If we fail to achieve our announced milestones in the timeframes we announce and expect, our business and results of operations may be harmed and the price of our stock may decline.

We depend on clinical investigators and clinical sites to enroll patients in our clinical trials and other third parties to manage the trials and to perform related data collection and analysis, and, as a result, we may face costs and delays outside of our control.

We rely on clinical investigators and clinical sites to enroll patients and other third parties to manage our trials and to perform related data collection and analysis. However, we may be unable to control the amount and timing of resources that the clinical sites that conduct the clinical testing may devote to our clinical trials.  If our clinical investigators and clinical sites fail to enroll a sufficient number of patients in our clinical trials or fail to enroll them on our planned schedule, we will be unable to complete these trials or to complete them as planned, which could delay or prevent us from obtaining regulatory approvals for our product candidates.

Our agreements with clinical investigators and clinical sites for clinical testing and for trial management services place substantial responsibilities on these parties, which could result in delays in, or termination of, our clinical trials if these parties fail to perform as expected. For example, if any of our clinical trial sites fail to comply with FDA-approved good clinical practices, we may be unable to use the data gathered at those sites. If these clinical investigators, clinical sites or other third parties do not carry out their contractual duties or obligations or fail to meet expected deadlines, or if the quality or accuracy of the clinical data they obtain is compromised due to their failure to adhere to our clinical protocols or for other reasons, our clinical trials may be extended, delayed or terminated, and we may be unable to obtain regulatory approval for, or successfully commercialize, our product candidates.

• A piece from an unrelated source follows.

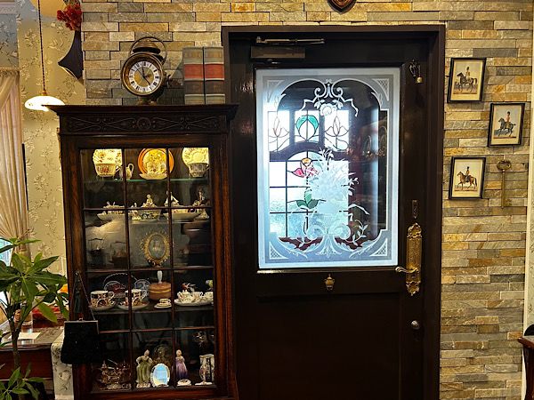 ステンドグラスやアンティークなティーカップを見ながら、カウンター席も良いですね。 ゆっくりまったり1人の時間に浸れそう。

If we are unable to obtain or maintain regulatory approval, we will be limited in our ability to commercialize our products, and our business will be harmed.

The regulatory process is expensive and time consuming. Even after investing significant time and expenditures on clinical trials, we may not obtain regulatory approval of our product candidates. Data obtained from clinical trials are susceptible to varying interpretations, which could delay, limit or prevent regulatory approval, and the FDA may not agree with our methods of clinical data analysis or our conclusions regarding safety and/or efficacy. Significant clinical trial delays would impair our ability to commercialize our products and could allow our competitors to bring products to market before we do. In addition, changes in regulatory policy for product approval during the period of product development and regulatory agency review of each submitted new application may cause delays or rejections. Even if we receive regulatory approval, this approval may entail limitations on the indicated uses for which we can market a product.

34

Table of Contents

Further, with respect to our approved products, once regulatory approval is obtained, a marketed product and its manufacturer are subject to continual review. The discovery of previously unknown problems with a product or manufacturer may result in restrictions on the product, manufacturer or manufacturing facility, including withdrawal of the product from the market. Manufacturers of approved products are also subject to ongoing regulation, including compliance with FDA regulations governing current Good Manufacturing Practices (cGMP). Failure to comply with manufacturing regulations can result in, among other things, warning letters, fines, injunctions, civil penalties, recall or seizure of products, total or partial suspension of production, refusal of the government to renew marketing applications and criminal prosecution.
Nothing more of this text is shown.